A powerful method to directly observe and characterize the migratory behavior of cells is through the use of time-lapse microscopy [1517]. Living cells are placed in appropriate culture media under a microscope and images of regions of interest are taken in regular intervals over extended periods of time. The positions of individual cells are then marked in consecutive images, thus following (tracking) positional changes of the cells over time. To date, this tracking procedure is commonly performed manually through "point and click" systems [5, 11, 12, 18, 19]. In addition to being labor-intensive, this method is highly susceptible to user-dependent errors regarding both the selection of "representative" subsets of cells for analysis (since rarely all cells in a given video sequence are considered) as well as the manual determination of cell centroids, which serve as measuring points for cell positions. In the current study, we have for the first time objectively quantified the magnitude of these error sources in manual cell tracking. Using migration of different populations of pancreatic cancer cells as a model system, we show that the results of manual cell tracking are highly variable and lead to mis-calculation of migration rates by up to 410%.

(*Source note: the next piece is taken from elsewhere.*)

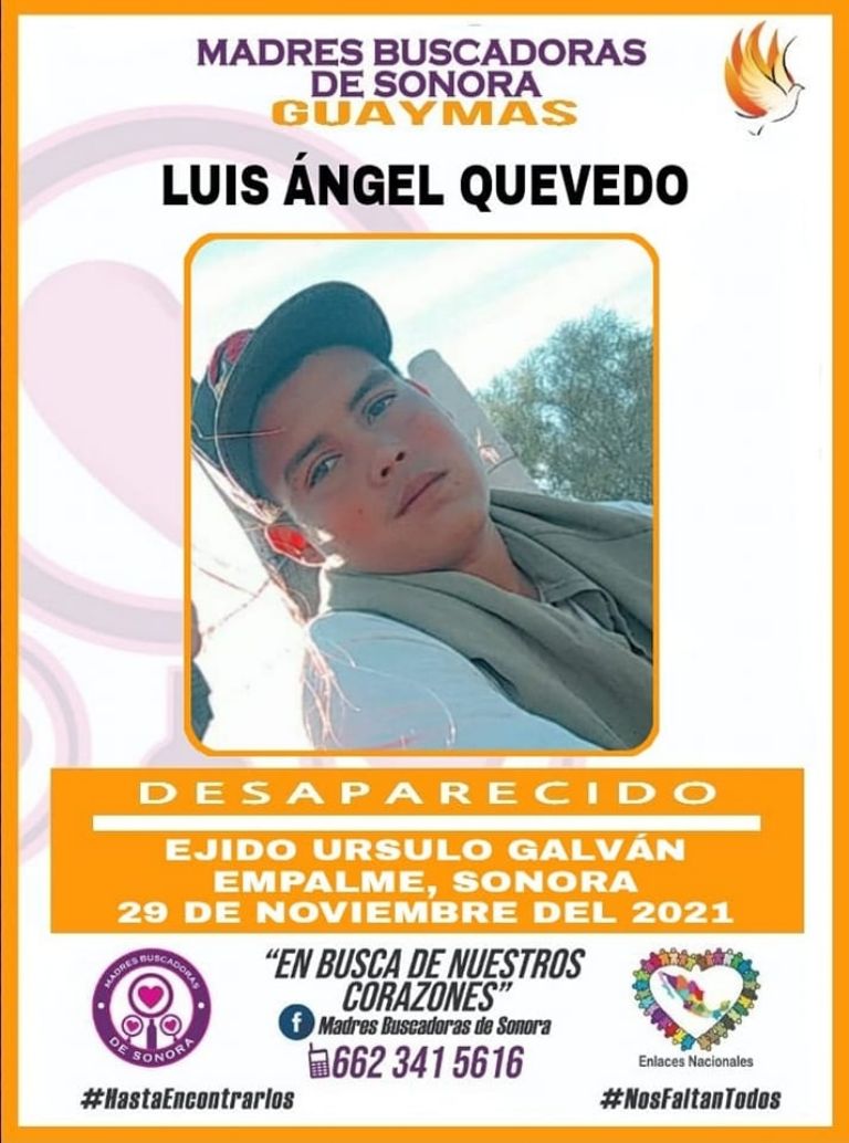 Por su parte, el colectivo Madres Buscadoras de Sonora difundió a través de su cuenta de Facebook la ficha de búsqueda de Luis Ángel Quevedo y pidió a la ciudadanía compartirla para apoyar en su pronta localización.

In order to avoid these error sources and provide objective measurements of cell migration rates, we have employed multi-target tracking technologies commonly used in military radar tracking applications [20, 21] to develop a fully automated cell identification and tracking system suitable for high throughput screening of video sequences of unstained living cells. Image preprocessing and segmentation are adjusted to the high variability of microscopy image qualities, different cell sizes, cell shapes and general cell appearance. Tracking is performed on the sets of extracted cell centroids using a Kalman Filter implementation. Higher-level events, such as cell divisions or migration of cells out of and into the field of view, are automatically recognized and integrated into the analysis. We demonstrate that the system, which has been implemented as open source, cross-platform software, produces objective and highly reproducible measurements, clearly outperforming manual tracking procedures.

Implementation and Methods

Data and image sequence acquisition

The dataset consists of five unstained Panc1 cell image sequences (video samples). The cells were routinely kept in DMEM medium supplemented with 10% FCS in 5% CO2 atmosphere at 37°C. Before cytokine treatment, cells were kept in serum-free medium for 24 h. One sample was left untreated as a control group; the other cells were treated with substrates or substrate combinations including TGFb as a pro-migratory positive control.

The videos contain between 58 - 63 gray scale images (1024 × 1344 pixels, illumination intensity normalized between zero and one) and were recorded with a temporal resolution of t = 15 minutes and a magnification factor of 100. Each image pixel has a squared compass of 1.5 × 1.5 μm. Recording device was a Hamamatsu Orca camera. Acquisition technique was Differential Interference Contrast (DIC) microscopy.

Manual cell tracking was performed by experts for all cells that stayed within the region of analysis during the entire recording time (420 tracks) with ImageJ [22] using the AviReader Plugin (M. Schmid and D. Marsh) and the Manual Tracking plugin (F. Cordelieres) (see project website at All experiments were performed on an Intel Core 2 Duo, 2.4 GHz PC with 2 Gb RAM. Statistical analysis was performed with R


Our automatic tracking and analysis software was implemented using MatLab (v. 7.2) and consists of a graphical, cross platform open source application, adjustable to various types of microscopic images and video files. A modular architecture allows to expand image processing and tracking independently. The image processing unit provides miscellaneous image processing and segmentation functions freely combinable in a stack-like manner. For more complex configurations i.e. referencing previously processed images some additional functions are available. New MatLab image processing functions as well as program files written in C, C++ or Fortran, can be included into the program. We are constantly augmenting the functionality of the TimeLapseAnalyzer by adding new routines like wound healing assay analysis, cell counting, cell area measurements or image enhancement functions.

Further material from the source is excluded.